Topics for New Students

Examples of specific problems that can be addressed by new students. These topics widely differ in their scope and difficulty, for basic orientation the following notation is used:

• A: warm-up exercises, few hours or days, should not be difficult to start quickly, the goal is to get acquainted with our systems/data
• B: nontrivial project, few weeks or months, exploration of new ideas / directions (typically it is necessary to learn some new techniques/tools)
• C: large project, can easily grow into master thesis (or even PhD thesis), significant planning and literature review necessary

### Data Analysis

These topics typically consist of "offline" analysis of data, our lab typically uses the Python ecosystem (pandas, scipy, matplotlib, ...).

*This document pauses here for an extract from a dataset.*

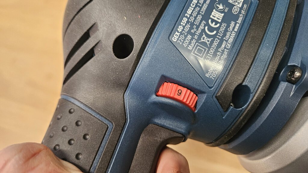 Le moteur de 400 W place la GEX 40-150 au-dessus des ponceuses excentriques plus compactes, avec de plus une vitesse variable de 11 000 à 24 000 oscillations/min et une amplitude (excentricité) de 4 mm. L’association puissance, vitesse élevée et amplitude permet un enlèvement de matière rapide, surtout avec un abrasif adapté.
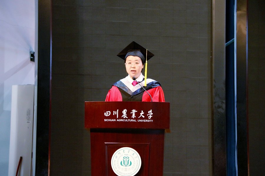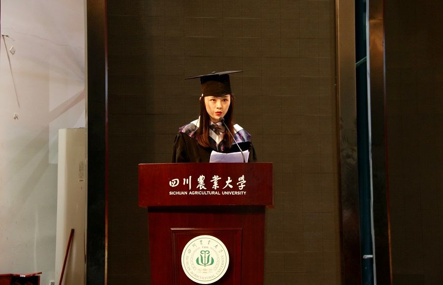 毕业生代表投资专业张椿丹深情回忆了大学四年充满温暖和奋斗的生活,总结自己的收获并对未来做出规划。她希望毕业生都能牢记:“‘追求真理,造福社会,自强不息’的川农大校训,带着川农人、经济人的自信和勇敢,迎接未来生活中的种种挑战。永远不忘那群‘仰望星空,脚踏实地’的朋友,那份‘不忘初心,砥砺前行’的担当,那些‘心有猛虎,细嗅蔷薇’的理想,和那段‘务实果敢,不失浪漫’的疯狂。”最后她代表2019届ylzzcom永利总站线路检测全体本科毕业生深切感谢四川农业大学和ylzzcom永利总站线路检测提供的平台,感谢领导的真心关怀和和老师的辛勤培养,祝愿学校和学院都能蓬勃发展,老师们都平安健康,工作顺利。

Download one (or more) of our data sets and try:

• (A) analysis of item difficulty
• (A) analysis of wrong answers (identification of common wrong answers, patterns in wrong answers, ...)
• (B-C) clustering of similar items or users
• (A-B) visualization of student behaviour within the system (which items are solved, how successfully, ...), visualization of system behaviour (item selection, ordering, ...)
• (B) survival analysis (How long do students stay within the system (or specific type of exercise)? Can you predict when will student leave the system?)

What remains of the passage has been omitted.